2010 Collections Business Analysis
Sample accounts and
Dollars Outstanding
for Healthcare and
others with internal collections activities
By Ray E. Noftsinger, President
American Payment Technologies, Inc.
March 28, 2011
This White Paper is available at (www.justpayontheweb.com/provider
). ALL efforts in this document
focus on maximizing your collections PRIOR to sending the accounts out to any
third party agency or firm. The roll
rate percentages are for discussion only and do NOT reflect any client’s
performance. Whatever your data
produces these same concepts work for you in a similar way (just adjust the initial accounts or outstanding $ cells). The purpose of this White Paper is to
look at the
Concept and not the dollars or
percentages collected.
Secondly, let me
identify the primary credit grantor types for using this concept for maximum
benefit. This approach centers on
maintaining a customer relationship and favorable impression while collecting
and quickly moving to legal on accounts that you would not want to have as
customers anyway. It involves
developing a professional rigid collection system of policy and strategy. Finally, it involves the use of
automated low cost vendors in harmony with your internal efforts.
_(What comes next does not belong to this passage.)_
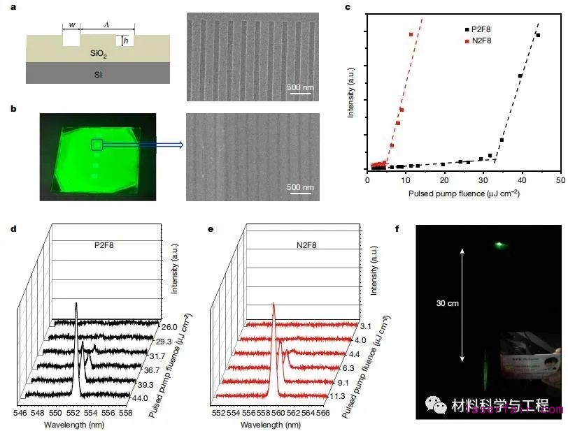 圖2.P2F8和N2F8鈣鈦礦膜的DFB腔和脈沖激光特性。(a)空氣溝槽寬度w =120 nm,光柵周期Λ=250 nm和光柵高度h=60 nm 的DFB腔的圖案設計(左)和頂SEM圖像(右);(b)在紫外線燈和在DFB襯底上旋涂的P2F8膜的SEM圖像,鈣鈦礦層的厚度為90nm;(c)激光強度作為脈沖能量的函數;(d,e)在P2F8(d)和N2F8(e)閾值附近,脈沖激發下發射光譜的演化;(f)P2F8薄膜激光光束的遠場模式。

Examples would include all mid-sized or smaller credit grantors, credit unions,
hospitals and physicians, utilities, cable/cell phone providers, and local
governments in some cases.
Professional Collection
System
The fundamental fact is
that you should know where you stand on all unpaid accounts prior to 100 days
from the first statement sent date.
There is little to NO value in holding an account longer in hopes of collecting. Effective application of energy in
the first 100 days gains the maximum return of funds. (In hospital accounts the
first day starts when all insurance claims have been applied.)
The most efficient
organizations have both a Collection Policy and a Collection Strategy that is in
writing and understood by the appropriate persons.
Collection Policy
- When
are statements sent? What is the interval
between statements? How many statements
are sent?
- When
phone calls are made, what is the minimum account balance used?
- What
are the messages on statements and in phone calls?
- When
does the account go outside for collections?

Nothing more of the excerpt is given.